Redshift Observatory

Blog

2024-11-02

K-Safety

On dc2 nodes, you can see in stv_partitions additional disks, which contain data for other nodes, which provide one k-safety.

You ignore them by dint of the owner and host columns.

On ra3 nodes, if there are local disks doing k-safety, they are not visible in stv_partitions.

I’ve just checked this, manually, by writing to the disk until it fills, and watching local disk and RMS usage.

So the disk size you see in stv_partitions for ra3 really is what you get.
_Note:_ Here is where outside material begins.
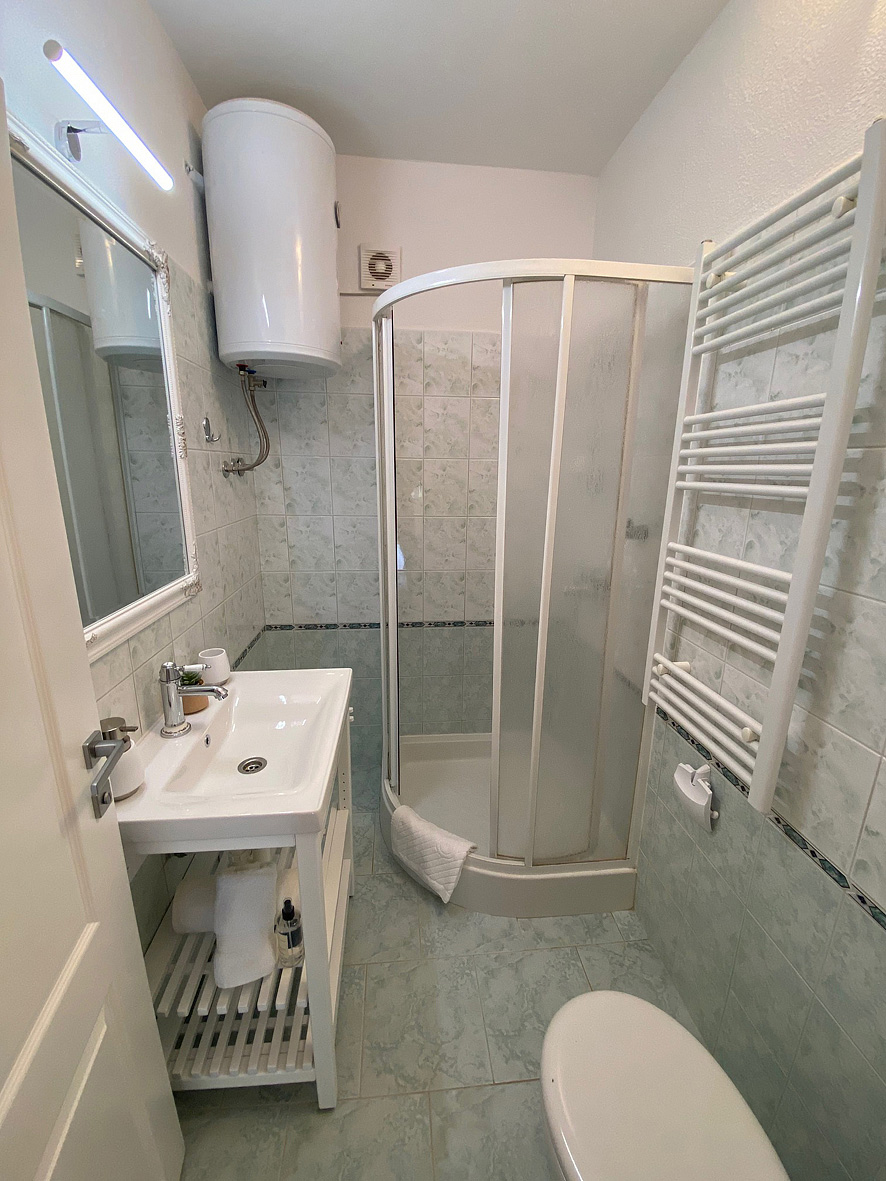 pokoj s manželskou postelí, obývací pokoj s kuchyňským koutem, rozkládacím gaučem pro dítě do nedovršených 18 let a lůžko pro dítě do nedovršených 18 let, sociální zařízení se sprchou, terasa

Relating to this, it looks to me like the new ra3.large now have the disk space ra3.xlplus used to have (932 GB) and ra3.xlplus now has double that - they’ve been upgraded.

2024-11-05

Privacy Package

Last month I did a little work for a Stateside healthcare client. Health-care data in the US is regulated to the hilt, and as such they could not as such grant me syslog unrestricted (full access to the system tables), because I would be able to see query texts, and those texts could contain PII.
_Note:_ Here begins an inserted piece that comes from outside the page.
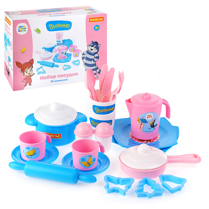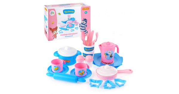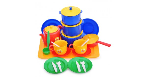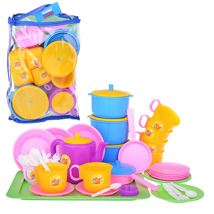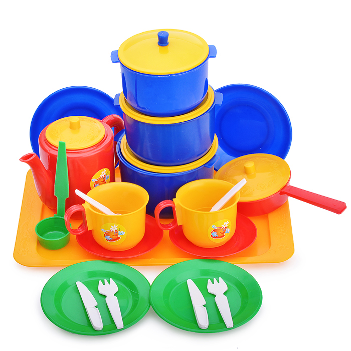 Набор детской посуды "Хозяюшка" с подносом на 4 персоны (V6) (29 элементов) (в сеточке)

To resolve this, I developed a little package of views and configuration, which meant I could be granted syslog unrestricted, and so see all rows in all system tables but where columns with query texts would be NULL, empty, so I would not see the texts.

This post documents this work.

So, to begin with, I need to write about the privileges model in Postgres/Redshift (it’s the same model).

First, we have objects - schemas, tables, views, functions, etc.

Second, we have users.

Third, we have groups.

Fourth, we have privileges.

Each type of object has a set of privileges, which make sense for that object - so you have the select privilege on a table, but not on a function, and you have the execute privilege on a function, but you won’t find that on a schema, because it makes no sense to execute a schema.

Privileges for an object are granted to either a group, or to a user.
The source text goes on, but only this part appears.